REQUIRED ACTION
Give back exactly the lines of the material below, starting with the line with "2013.07.09 21: 29최정-박재상,'몸에 맞는 볼로 득점'" and going on through the line with "and they clash.".

RECORDED INFORMATION
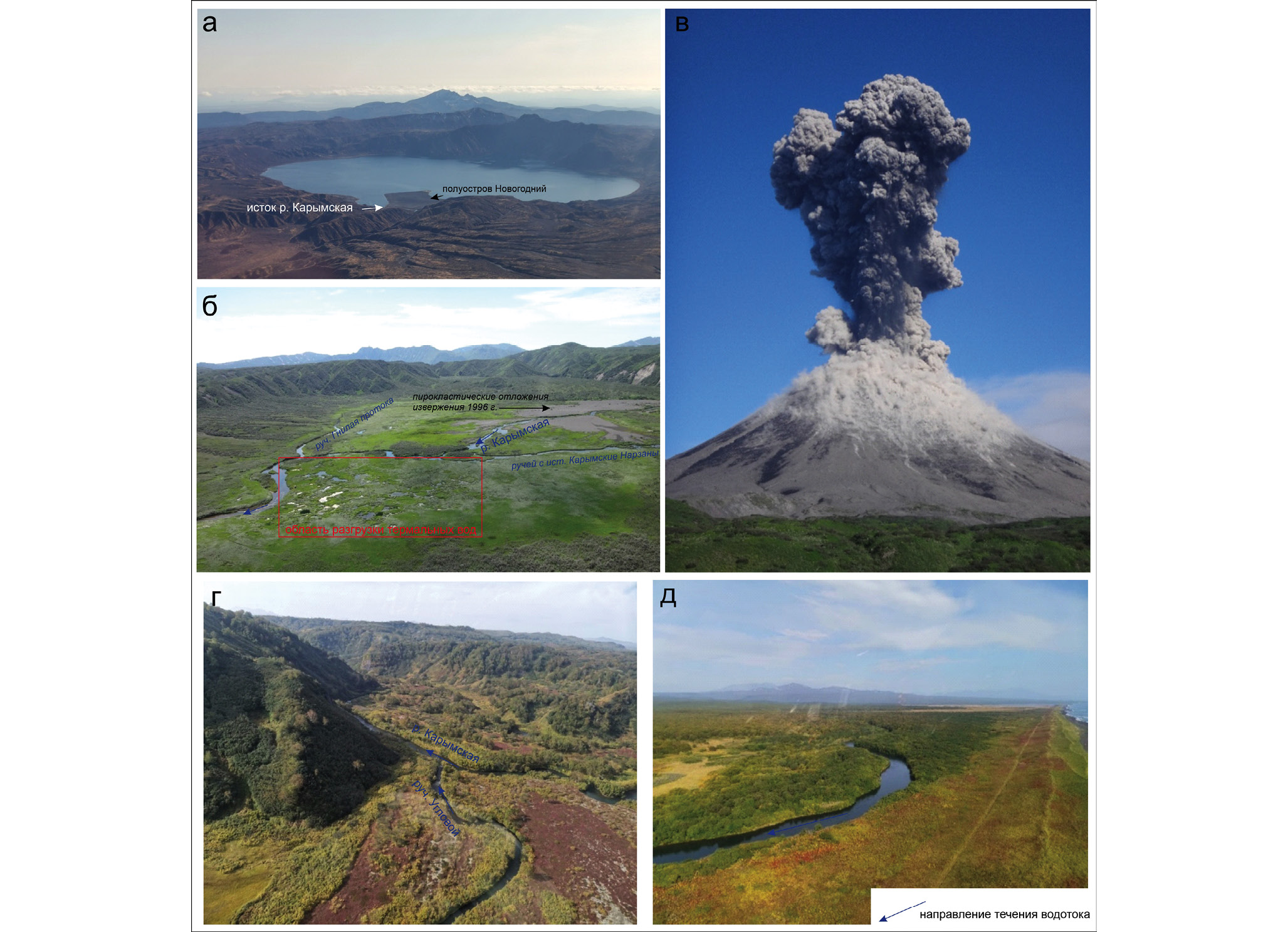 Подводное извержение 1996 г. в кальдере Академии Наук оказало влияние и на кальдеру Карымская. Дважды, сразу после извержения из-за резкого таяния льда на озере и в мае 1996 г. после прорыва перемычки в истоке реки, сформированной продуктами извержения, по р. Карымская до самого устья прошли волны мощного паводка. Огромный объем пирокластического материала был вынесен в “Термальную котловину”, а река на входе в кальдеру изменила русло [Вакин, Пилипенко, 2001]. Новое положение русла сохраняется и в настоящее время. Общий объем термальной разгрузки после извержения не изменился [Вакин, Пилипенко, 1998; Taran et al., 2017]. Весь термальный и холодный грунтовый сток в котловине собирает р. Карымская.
--
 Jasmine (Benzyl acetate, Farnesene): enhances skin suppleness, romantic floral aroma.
==
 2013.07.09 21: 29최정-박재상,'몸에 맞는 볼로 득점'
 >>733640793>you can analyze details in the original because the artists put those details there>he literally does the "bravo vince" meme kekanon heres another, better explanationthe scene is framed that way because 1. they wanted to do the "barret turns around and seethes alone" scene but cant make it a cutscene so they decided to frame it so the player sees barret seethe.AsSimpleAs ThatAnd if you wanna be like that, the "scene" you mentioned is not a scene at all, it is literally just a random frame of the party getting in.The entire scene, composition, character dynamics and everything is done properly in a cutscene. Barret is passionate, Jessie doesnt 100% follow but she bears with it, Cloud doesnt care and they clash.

TASK SOLUTION
 2013.07.09 21: 29최정-박재상,'몸에 맞는 볼로 득점'
 >>733640793>you can analyze details in the original because the artists put those details there>he literally does the "bravo vince" meme kekanon heres another, better explanationthe scene is framed that way because 1. they wanted to do the "barret turns around and seethes alone" scene but cant make it a cutscene so they decided to frame it so the player sees barret seethe.AsSimpleAs ThatAnd if you wanna be like that, the "scene" you mentioned is not a scene at all, it is literally just a random frame of the party getting in.The entire scene, composition, character dynamics and everything is done properly in a cutscene. Barret is passionate, Jessie doesnt 100% follow but she bears with it, Cloud doesnt care and they clash.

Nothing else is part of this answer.